TNFα causes sickness behavior by inducing synthesis of IL-1β (Bluthé et al., 1991a). Since IGF-I ameliorates sickness behavior induced by TNFα but not that caused by IL-1β, it appears likely that IGF-I acts by inhibiting the ability of TNFα to induce synthesis of IL-1β. There are two receptors for TNFα, and we have already established that activation of TNF-R1 is adequate for inducing sickness behavior (Bluthé et al., 1994). Furthermore, we have shown that a partial agonist of the murine TNF-R1 also induces sickness behavior (Bluthé et al., 1991a; Bluthé et al., 1994). It is therefore likely that IGF-I somehow antagonizes activation of TNF-R1 that leads to induction of IL-1 synthesis. A protein known as “Factor Associated with N-SMase” (FAN) binds directly to only the p55 receptor and links TNFα to activation of neutral sphingomyelinase (Adam-Klages et al., 1996; Adam-Klages et al., 1998). FAN has been shown to bind to only two receptors, p55 and CD40, a member of the TNF-R superfamily (Segui et al., 1999). Although the TNF-R1 and IL-1R share several signaling pathways (Wu and Arron, 2003), FAN has not been shown to associate with the IL-1β receptor. It is possible that IGF-I interacts downstream of TNF-R1 with FAN, which might explain why IGF-I is more active in ameliorating TNFα-rather than IL-1β-induced sickness behavior. FAN knockout mice could be used to conclusively determine if TNFα-activated FAN is responsible for inducing sickness behavior caused by central TNFα.

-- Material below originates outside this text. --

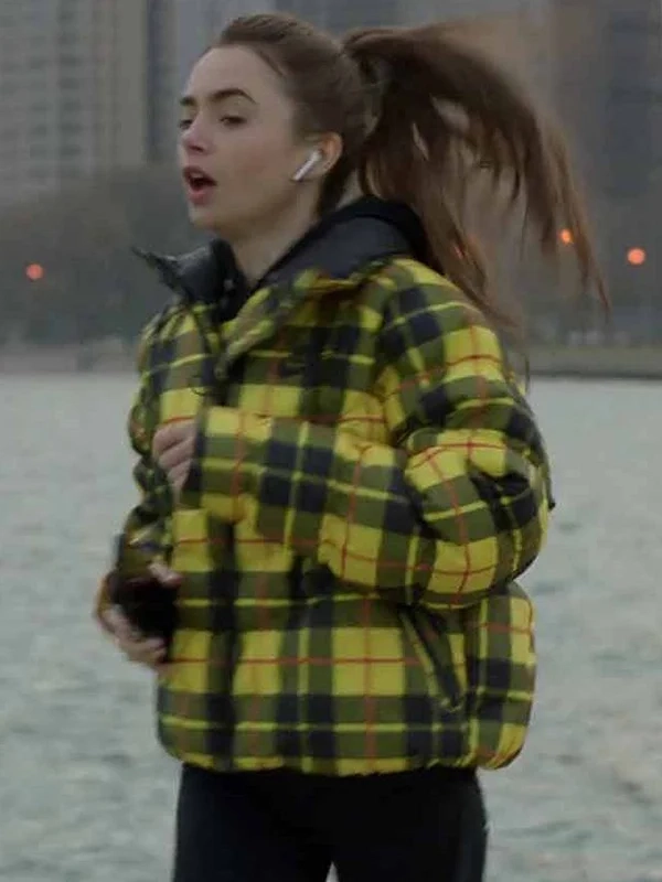 This jacket inspired by Emily Cooper from the Emily in Paris series is made using parachute fabric exterior and inner viscose lining. It features zip closure, open hem cuffs, a stand collar, and multiple pockets. It is great for lightweight, layering and outdoor activities.

In conclusion, the present results show that IGF-I antagonizes in a relatively specific manner TNFα behavioral actions in the brain. They therefore open important new avenues for studying further the mechanisms of interaction of this growth factor with this pivotal cytokine.
The technical assistance of Guy Olivié is gratefully acknowledged. Dr. Robert H. McCusker carefully edited the manuscript. This research was supported by grants to R.D. (NIH-MH 71349) and K.W.K. (NIH-MH 51569, NIH-AI 50442, Hatch 200386 and private gifts).